Cooper did his homework in examining the grounds of these battles and in talking to the last survivors. He also had a knack for describing the chaotic ebb and flow of action for men in the heat of battle. So his accounts of these battles remain the best writing in Lionel Lincoln.

James Fenimore Cooper by John Wesley Jarvis, 1822. (New York State Historical Association; public domain via Wikimedia Commons)

LOA: We recently came across the following quote from Walt Whitman:

Cooper was always an outdoor influence: he is perennial fresh air, pure seas; a living accuser of our civilization. Our civilization is anyhow a morbid one—introspective, consciously sinful. But Cooper maintained his independence, manhood, from the very first. The Spy, all the sea tales, Long Tom Coffin—what a creation that!

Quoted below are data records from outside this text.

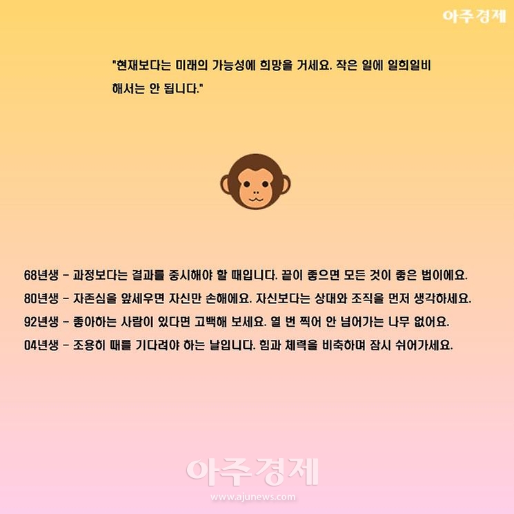 ▶원숭이띠 오늘의 운세 "현재보다는 미래의 가능성에 희망을 거세요. 작은 일에 일희일비 해서는 안 됩니다."
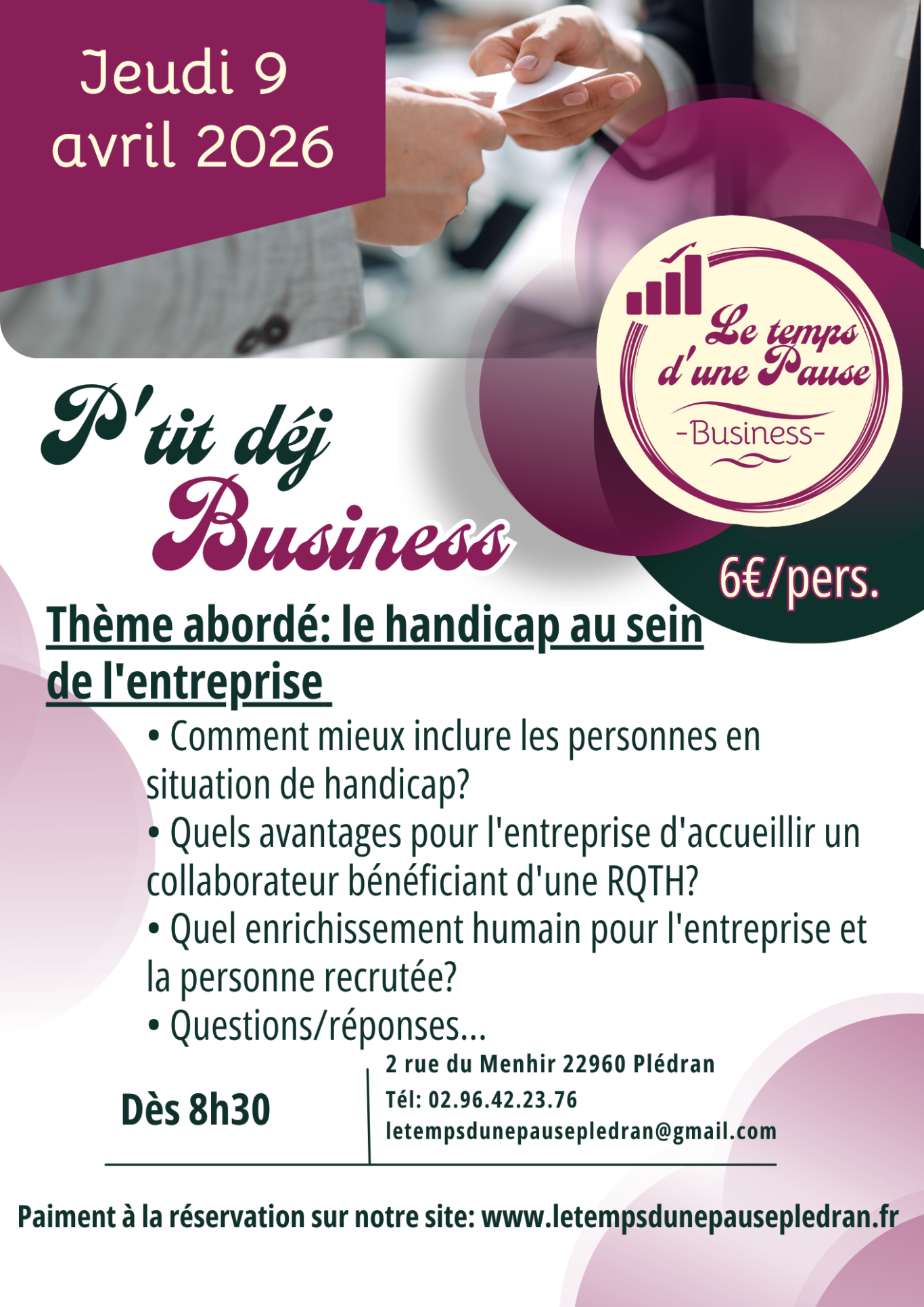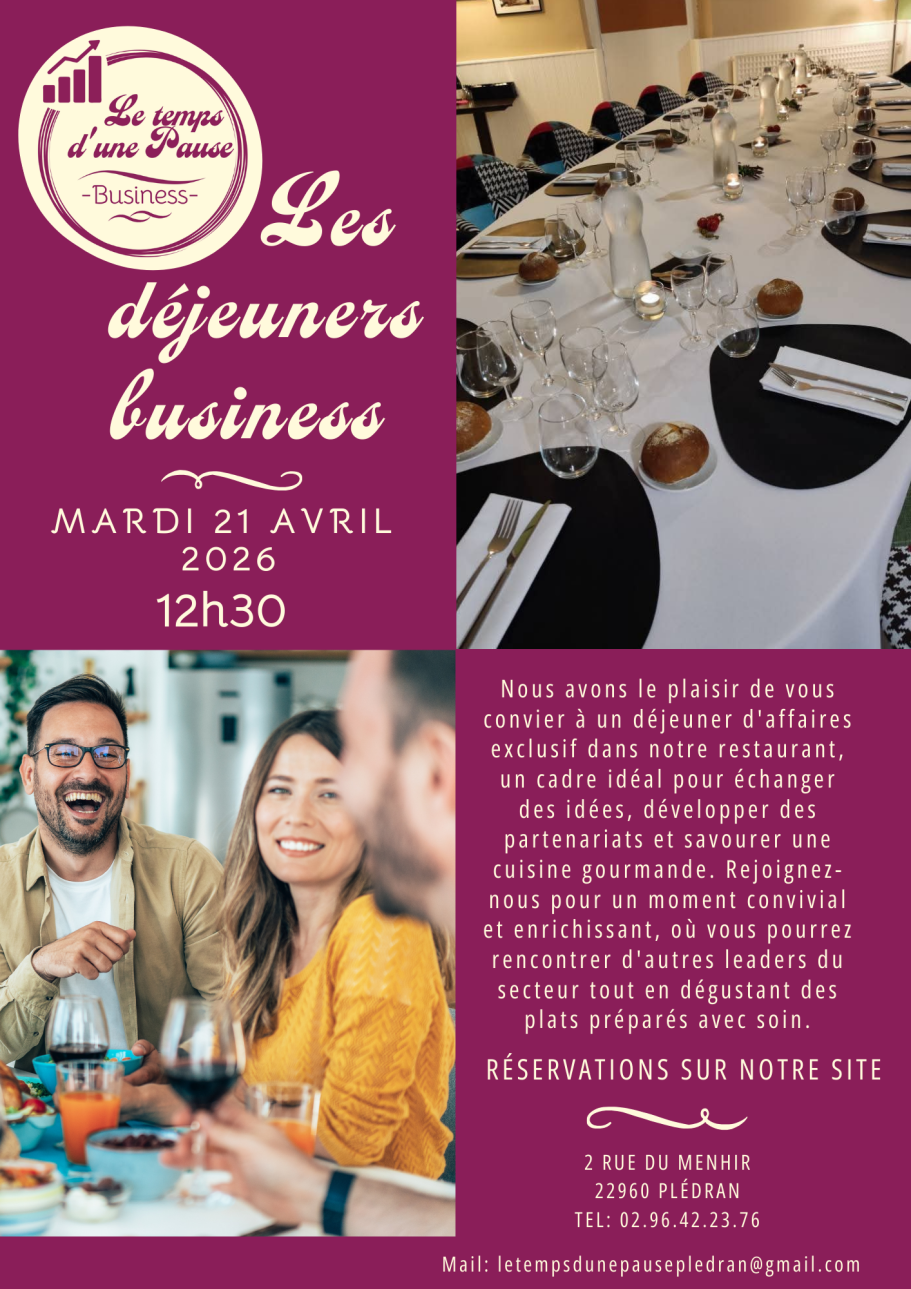 Chaque mois nous vous donnons rendez-vous pour un petit déjeuner et un déjeuner qui vous donnera l'occasion d'allier l'utile à l'agréable...
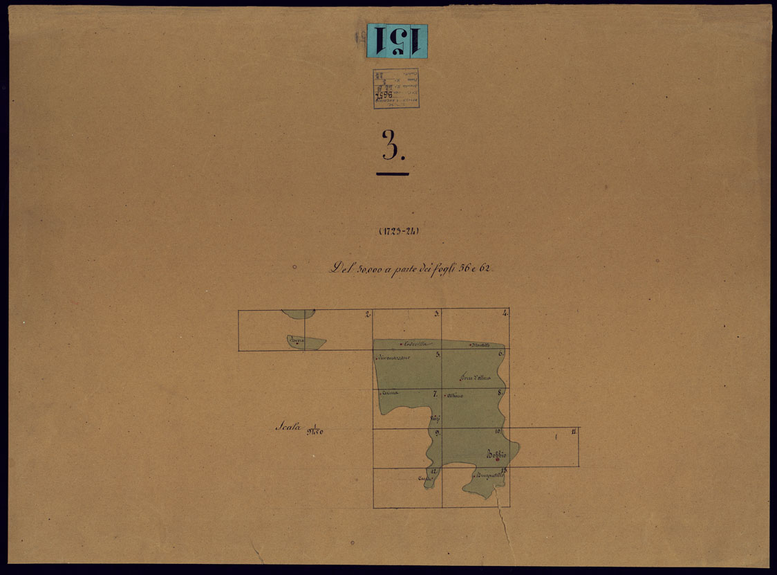 "Gruppo di tredici mappe catastali ad acquerello, unite a mosaico. Recano le firme dei geometri Occelli, Saluzza, Fedeli e Avanzati. Rappresentano l'orografia con lo sfumo a luce obliqua, abitati in giallo, terreni coltivati ecc. Vi è annesso un quadro d'unione e una "Riduzione fatta dal Sig. Occelli della Mappa del Territorio di Sagliano, provincia di Bobbio" pure alla scala di 1:9.450."
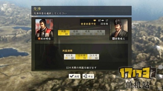 玩家的武田家,和斋藤家结成同盟的画面。同盟是根据时间和“信用”程度而改变的。现在的信用是“87”,所以自主的选择哪个势力结成同盟是有期间限制的。
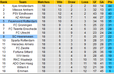 Tuy nhiên, Heerenveen đã dần trở về mặt đất với phong độ đáng lo ngại như mùa trước. Trong 12 trận gần nhất ở mọi giải đấu, Heerenveen chỉ có duy nhất 1 lần giành chiến thắng tại Cúp QG trước Emmen thuộc diện đàn em, còn lại chỉ biết đến hòa và thua.
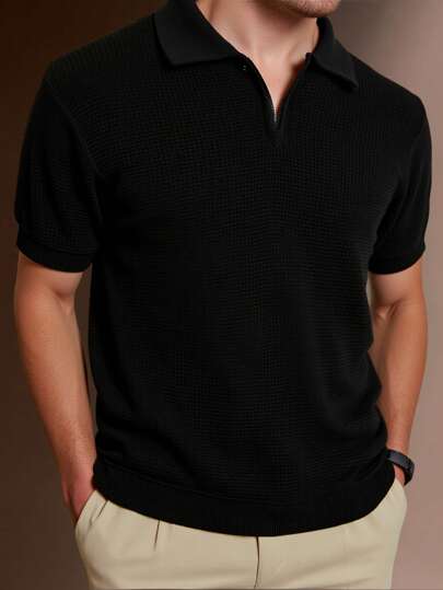RueChic Camisa polo de hombre con cierre de media cremallera y textura sólida - Gris - Añade 4
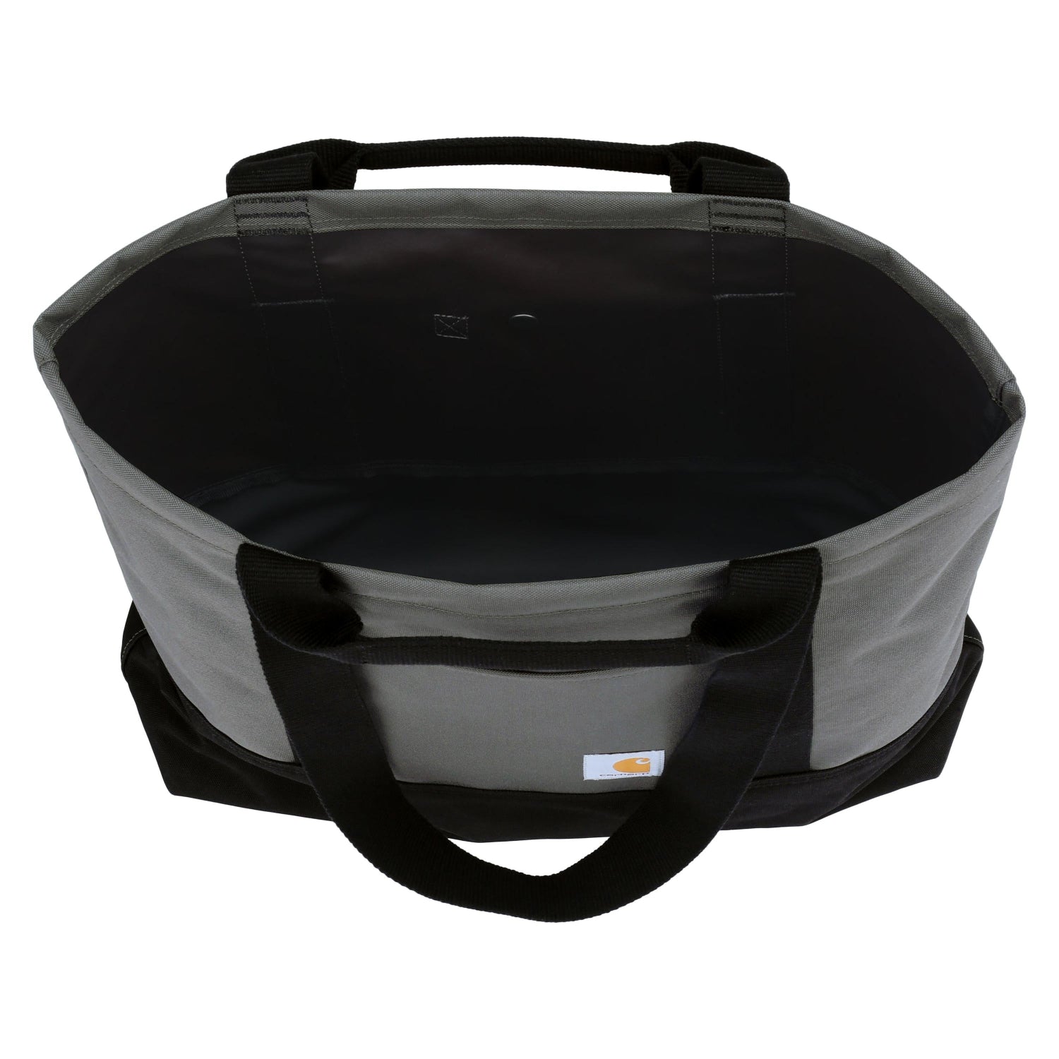 Sturdy, water-repellent fabric and a utilitarian design make this tote your go-to for hauling jobsite gear, camping supplies or groceries. A triple-stitched base offers extra durability. Outside pockets keep your essentials within easy reach, and the coated interior makes cleanup easy.

What is it about Cooper that Whitman is responding to here?

Taylor: While capable of searing criticism of the American social scene, Cooper also sustained a mythic sense of the natural grandeur of the landscape and seascape and of native peoples and deft mariners. He also laid out an idealized notion of the potential evolution of American society through progressive settlement to create the most civilized nation on earth. He thought that by imagining both natural origins and ultimate good that he could persuade readers to make a better society.